From: Chris Friesen on
On 05/12/2010 01:33 PM, Rainer Weikusat wrote:
> Chris Friesen <cbf123(a)mail.usask.ca> writes:
>> On 05/10/2010 01:01 PM, yirgster wrote:
>>
>>> But, from a "legal" standpoint,
>>>
>>> (1) this isn't required behavior by posix, that is, that fsync(fd)
>>> sync all mmap'd(fd) memory too.
>>
>> Contrary to Rainer, I think it actually might be implied by posix, and
>> that's why the various OS's have changed their behaviour.
>>
>> The posix language reads "all data for the open file descriptor named by
>> fildes is to be transferred to the storage device associated with the
>> file described by fildes." Arguably, memory ranges mmap'd from a file
>> is "data for the open file descriptor".
>
> The situation isn't that simple, eg, it is legal to close a file
> descriptor after it was used to establish a memory mapping and to
> continue using the mapping. Assuming that the file is later reopened,
> is whatever the existing memory mapping contains necessarily 'data for
> the new file descriptor' (or only if the implementation happens to
> have a unified cache)?

I agree that the wording is a bit unclear, but they left it that way on
purpose. From the posix rationale:

"The fsync() function is intended to force a physical write of data from
the buffer cache, and to assure that after a system crash or other
failure that all data up to the time of the fsync() call is recorded on
the disk. Since the concepts of "buffer cache", "system crash",
"physical write", and "non-volatile storage" are not defined here, the
wording has to be more abstract."

Based on the above, I see no reason to treat data modified via memory
mappings any different than data written by a write() syscall.

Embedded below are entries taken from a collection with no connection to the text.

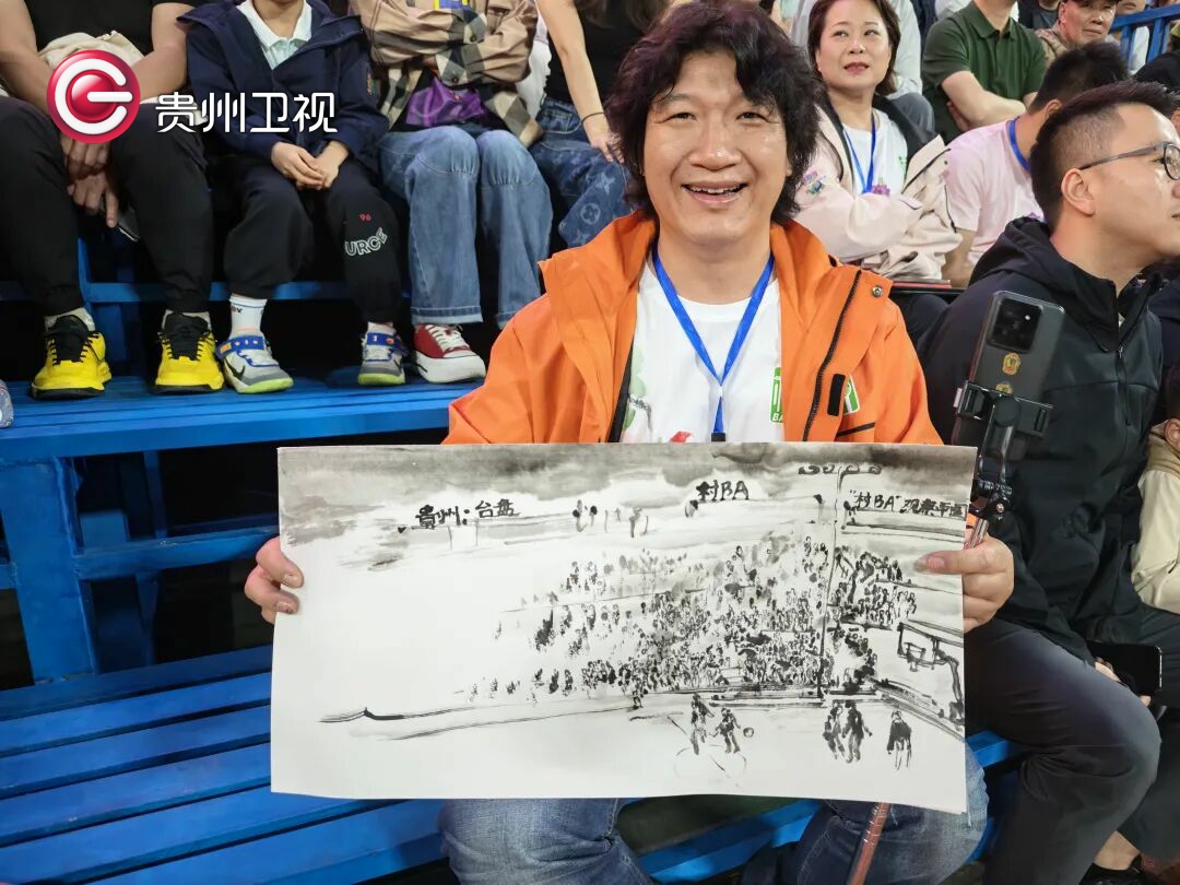 因为手机无法全景式记录现场盛况,袁祯宏发挥专业优势为贵州村BA总决赛画了一幅水墨画。“手机装不下那么多人呀,用画的形式来表现,也是我参与比赛传播的一种方式和情感表达。”他说,自己是篮球狂热爱好者,贵州体育的激情和力量让内心激动不已,“将来,我会带学生来这里,让他们感受体育最纯粹的模样。”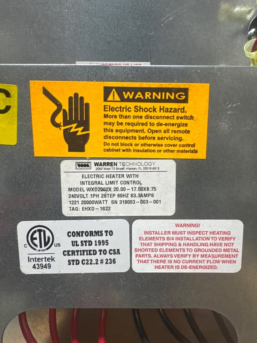 20 KW Electric Heat Strip, Volts: 208/240, Hertz: 60, Phase: 1, Kilowatts: 20 **For use with: 4-5 Ton of DBC, DBH, DRC, DRH, DFC, DFH Rooftop Model Packaged Units**
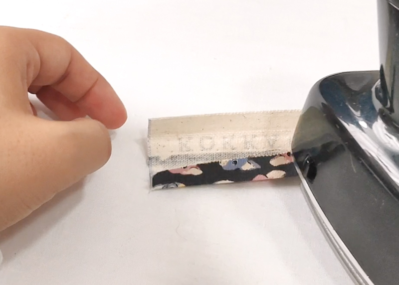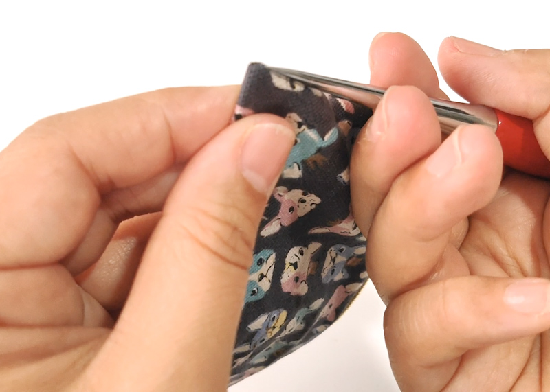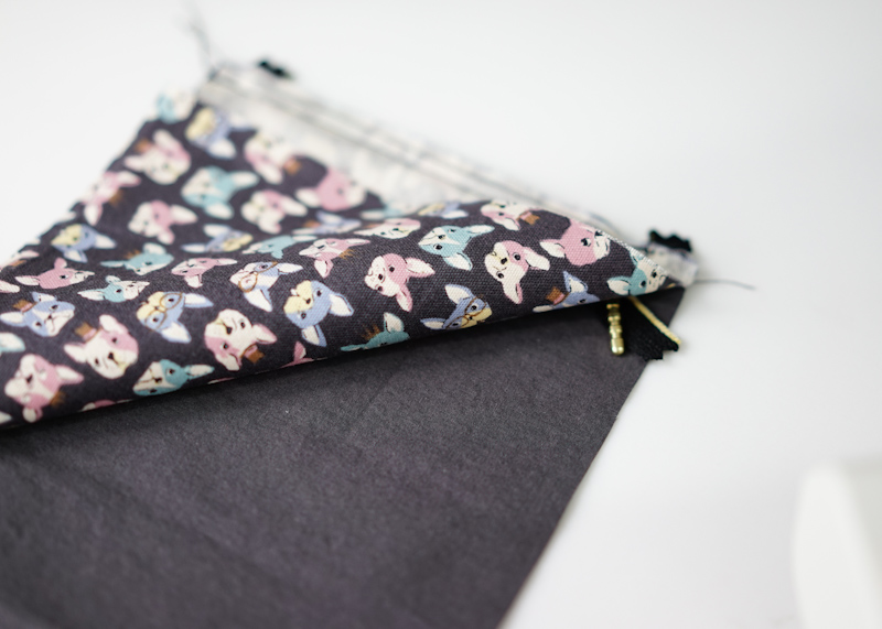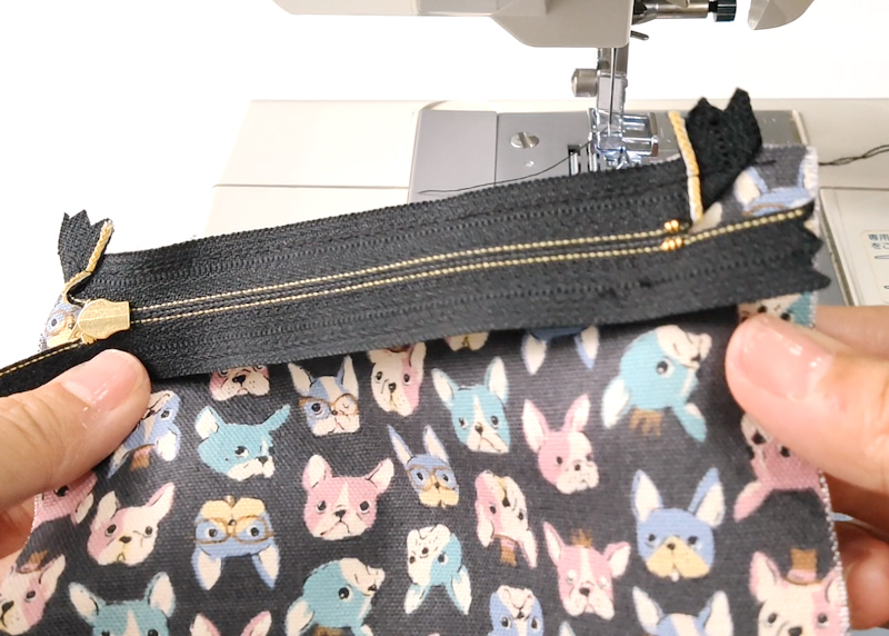 With the front sides facing each other, put together the outer fabric and zipper, and fold zipper ends to the lining side. Baste with 0.5cm seam.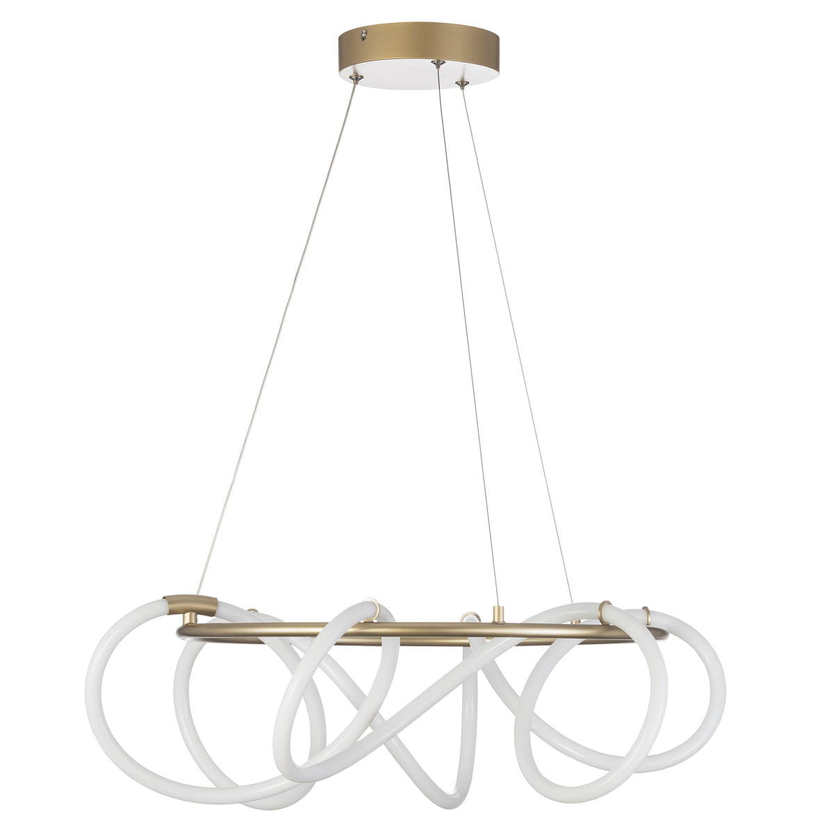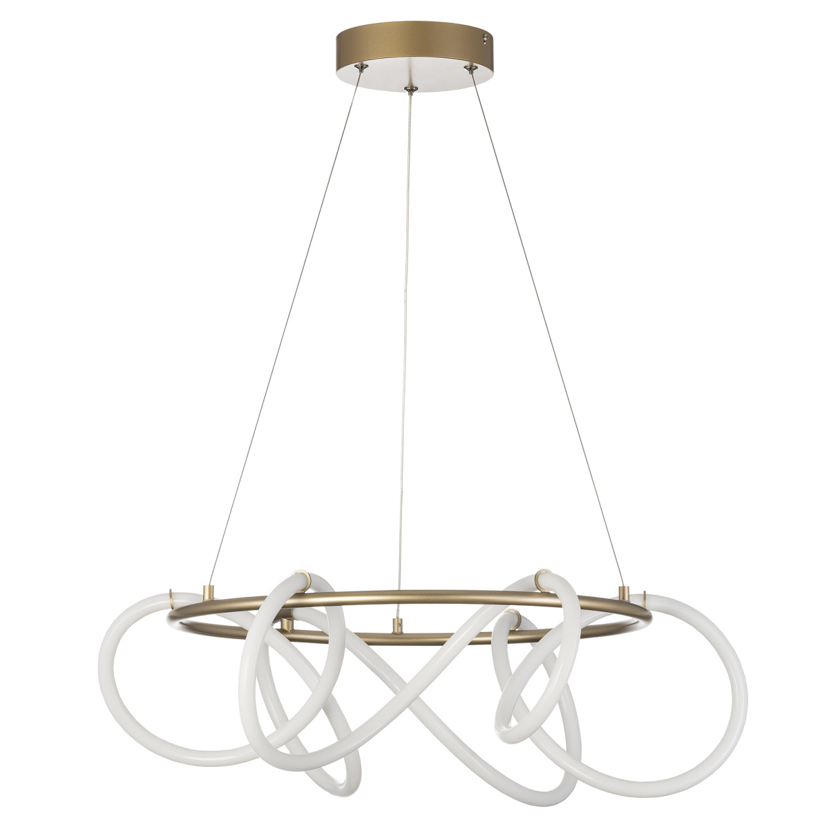 Оригинальная подвесная LED люстра CL210132 от производителя Ситилюкс EVA - воплощение современного стиля и элегантности. Матовый золотой металлический корпус и гибкий световод, изящно обвивающий кольцо создают неповторимый образ. Мощность изделия 41Вт, световой поток 4140Лм, цветовая температура 4000К – нейтральный белый свет, индекс цветопередачи CRI >80. Диаметр модели 60см, высота легко регулируется при установке в диапазоне от 37см до 1,4м.Данную модель CL210132 спешите купить в магазине 220svet.ru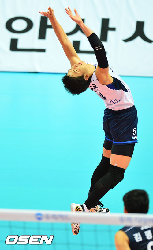 28일 오후 경기도 안산시 상록수체육관에서 열린 '2013 안산-우리카드컵 프로배구대회' 남자부 결승 현대캐피탈과 우리카드의 경기, 우리카드 김광국이 볼을 받아내고 있다.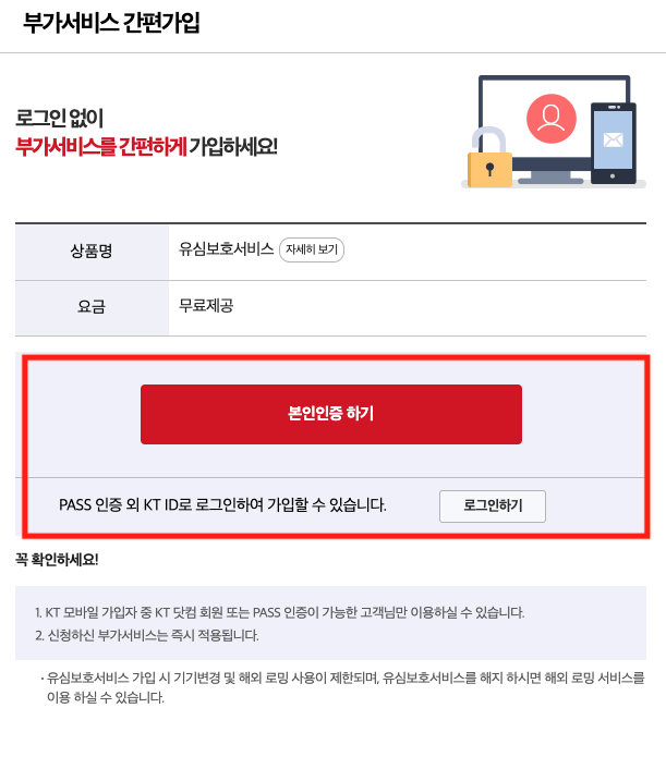 - 앱: My KT > 전체메뉴 > 상품 > 모바일 > 부가서비스 > 유심보호서비스 신청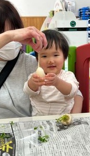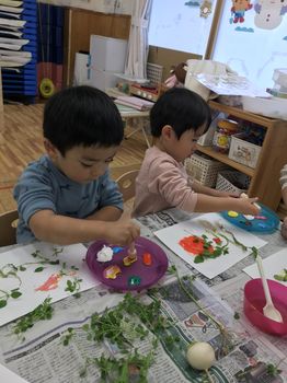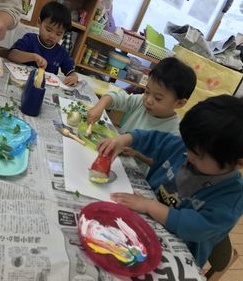 うさぎ組さんは、ダイナミックに野菜スタンプを楽しみました~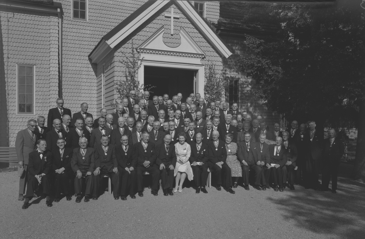 Korsnäsanställda framför Bomhus Kyrka den 8 juni 1958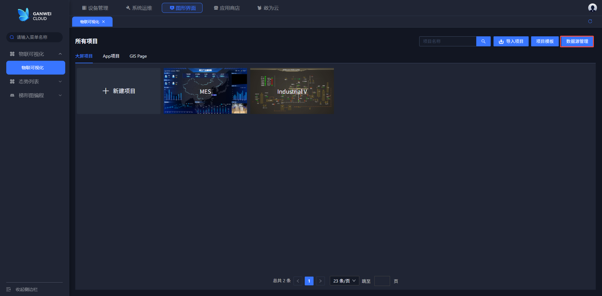 1.在项目列表页面顶部菜单栏中存在“数据源管理”按钮。

That said, if _POSIX_SYNCHRONIZED_IO is not defined, the spec explicitly
allows a null implementation of fcntl()...but it must be documented in
the compliance document.

Chris
From: yirgster on
On May 12, 12:33 pm, Rainer Weikusat <rweiku...(a)mssgmbh.com> wrote:
> Chris Friesen <cbf...(a)mail.usask.ca> writes:
> > On 05/10/2010 01:01 PM, yirgster wrote:
>
> >> But, from a "legal" standpoint,
>
> >> (1) this isn't required behavior by posix, that is, that fsync(fd)
> >> sync all mmap'd(fd) memory too.
>
> > Contrary to Rainer, I think it actually might be implied by posix, and
> > that's why the various OS's have changed their behaviour.
>
> > The posix language reads "all data for the open file descriptor named by
> > fildes is to be transferred to the storage device associated with the
> > file described by fildes."  Arguably, memory ranges mmap'd from a file
> > is "data for the open file descriptor".
>
> The situation isn't that simple, eg, it is legal to close a file
> descriptor after it was used to establish a memory mapping and to
> continue using the mapping. Assuming that the file is later reopened,
> is whatever the existing memory mapping contains necessarily 'data for
> the new file descriptor' (or only if the implementation happens to
> have a unified cache)?

Under msync(MS_SYNC) it would have had to make it out to disk, so it
will be seen by any open and file access that follows after.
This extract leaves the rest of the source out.